I’ve said it before and I’ll say it again, Publishing is a tough gig! Since I’m only in my adolescence when it comes to writing and publishing I can’t tell you if the days of the typewriter and printed manuscripts were harder than publishing is now. I really don’t know if the number of digital publishers and the ability to self-publish is making life easier or harder for the author.

What I do know is that there are a TON of books being released every day. No, I didn’t look up the exact numbers. (Feel free to google it.) But just think of all the traditional publishers, then add in small e-presses then add in self-published books and you have a lot of authors trying to find readers. It’s a regular cacophony of word music and it’s definitely hard for an individual instrument to stand out among all the overlapping songs.

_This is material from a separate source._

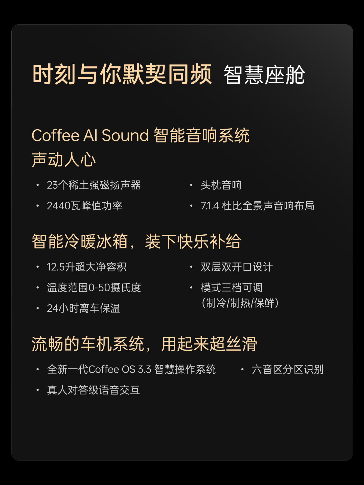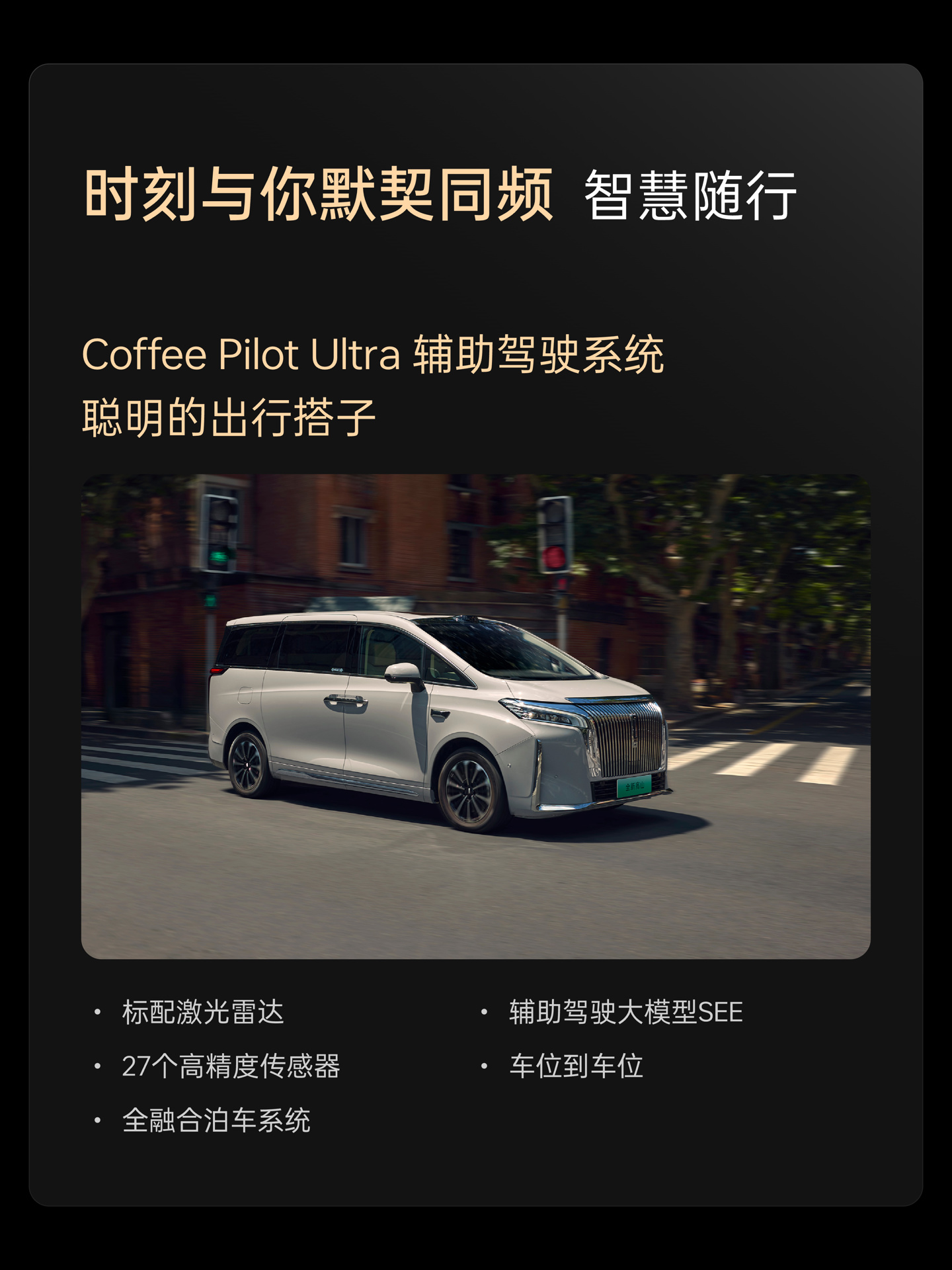 新车在车顶配备了激光雷达,将搭载 Coffee Pilot Ultra 智能辅助驾驶系统,支持高速和城市 NOA 以及智能泊车驾驶辅助功能。

There are only a few soloists who stand out, which means most authors are trying to find that one little trick that gets them heard. What will make their melody resonate above the river of music? Figuratively turn up the volume.

Okay, enough music metaphors. LOL! You get the idea.

Let’s face it, we all tag and like each other’s books. Why? Because there are rumors that the “likes” on Amazon affects the algorithms for a book and possibly give it a little extra to get up on the lists. (Since no one knows for sure, that information can’t be verified.) At the very least, when a reader pops over to a page and only 6 people have liked a book, it doesn’t quite have the psychological boost that a book with 231 likes gets. People wonder what they’re missing if that many people like a book. Is this gaming the system? Could be.

Knowing the impact of reviews, last year I began writing reviews on Amazon and Goodreads for the books I’ve read. And guess what? I read a lot of self-published writers because that’s who I’m hanging with these days. If readers wanted to start pointing fingers they could say I’m padding the reviews of my friends … even if my reviews are totally honest.

The internet is a buzz about authors buying honest reviews. Yet, publishers (and authors) buy advertisements in romance magazines and books get reviewed. Isn’t that the same thing? There are stories of bestselling author buying thousands of copies of their own releases to have the new release climb the charts. So is all this gaming actually cheating the system? How far does it have to go before it steps over the line?

Is offering a book for free as a loss leader considered cheating? Some say yes. I don’t think so. What I think is that it’s one of those tools that’s allowed my books to actually stand up in front of readers and scream “Try Me!“.

I’ve had three self-published books out for nearly a year. And you can see March Sales, May Sales and June Sales were nothing that could be called a living wage. But after several backflips (which ain’t easy for a woman with MS) and lots of groveling (see the post with the June sales), I finally got Amazon to price match BLIND HER WITH BLISS, the first book in the Tilling Passions series for FREE.

And guess what? I can actually say my writing is starting to make the kind of money I’d always hoped it would. Here are sales for the last six weeks.

Blind Her With Bliss: 80,000 Free, 14 sold = $30.00
Blind at UK site: 4663 Free, 0 Sold = $0.00
Deceive Her With Desire: 760 books = $1550.40
Deceive at UK site: 34 books = $35
Cheat Her With Charm: 563 books = $1148.52
Cheat at UK site = 22 books = $23

Barnes and Noble:
Blind Her With Bliss: Free
Deceive Her With Desire: 47 books = $91.18
Cheat Her With Charm: 39 books = $75.66

Approximate sales for Apple, Kobo, Sony and Diesel = $480.33

As many of you know, I released a 4th self-published book this week. I’m hoping with an excerpt at the end of the third book that readers will begin buying that book and sales will only go up.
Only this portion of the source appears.